The arrest of Fresno Deputy Police Chief Keith Foster on federal drug trafficking charges Thursday was a shock to his colleagues, the longtime police chief who had promoted him into the department’s highest ranks and Foster’s friends in the community.
It is a stain that should end Foster’s career in law enforcement regardless of how the criminal accusations against him play out.
The U.S. Attorney — relying on information provided by the Federal Bureau of Investigation and the Bureau of Alcohol, Tobacco, Firearms and Explosives — would not file a criminal complaint against a police officer without being sure of the evidence.

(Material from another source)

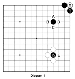 Diagram 1: After explaining that Black plays the first move on one of the intersections, I talk about liberties. A stone cannot exist and must be taken off the board if it has no liberties. The sole black stone in the diagram has four liberties, at A, B, C and D. The marked black stone has only one liberty, at E. The marked white stone has no liberties when Black plays at 1 and must be removed from the board.
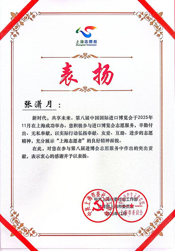 三月春风暖,雷锋精神传。正值全国上下深入开展“雷锋月”活动、大力弘扬“奉献、友爱、互助、进步”志愿精神之际,我校志愿服务工作再传捷报。近日,中共上海市委社会工作部、共青团上海市委发布了《关于通报表扬第八届中国国际进口博览会优秀志愿者和志愿服务先进集体的决定》,304永利集团教师张潇月获评“第八届中国国际进口博览会优秀志愿者”,以实际行动践行使命,在进博会的大舞台上生动诠释了新时代雷锋精神的内涵。

The potential to further disrupt the community and the department by failing to get a conviction is simply too high for federal prosecutors to file charges on a mere roll of the dice.
And, in the least, Foster, by the conduct described by a federal agent in the criminal complaint, has not met the minimum standards required of someone to wear the uniform, badge and weapon of a sworn police officer.
Foster’s arrest is also a stain on the Fresno Police Department, but not one that should stoke public cynicism or a loss in confidence in Police Chief Jerry Dyer’s leadership or the other officers under his command.
By most every yardstick of police performance, the department has performed well despite the loss of many officer positions since the real-estate bubble burst in 2008 and propelled Fresno to the brink of bankruptcy early in Mayor Ashley Swearengin’s first term.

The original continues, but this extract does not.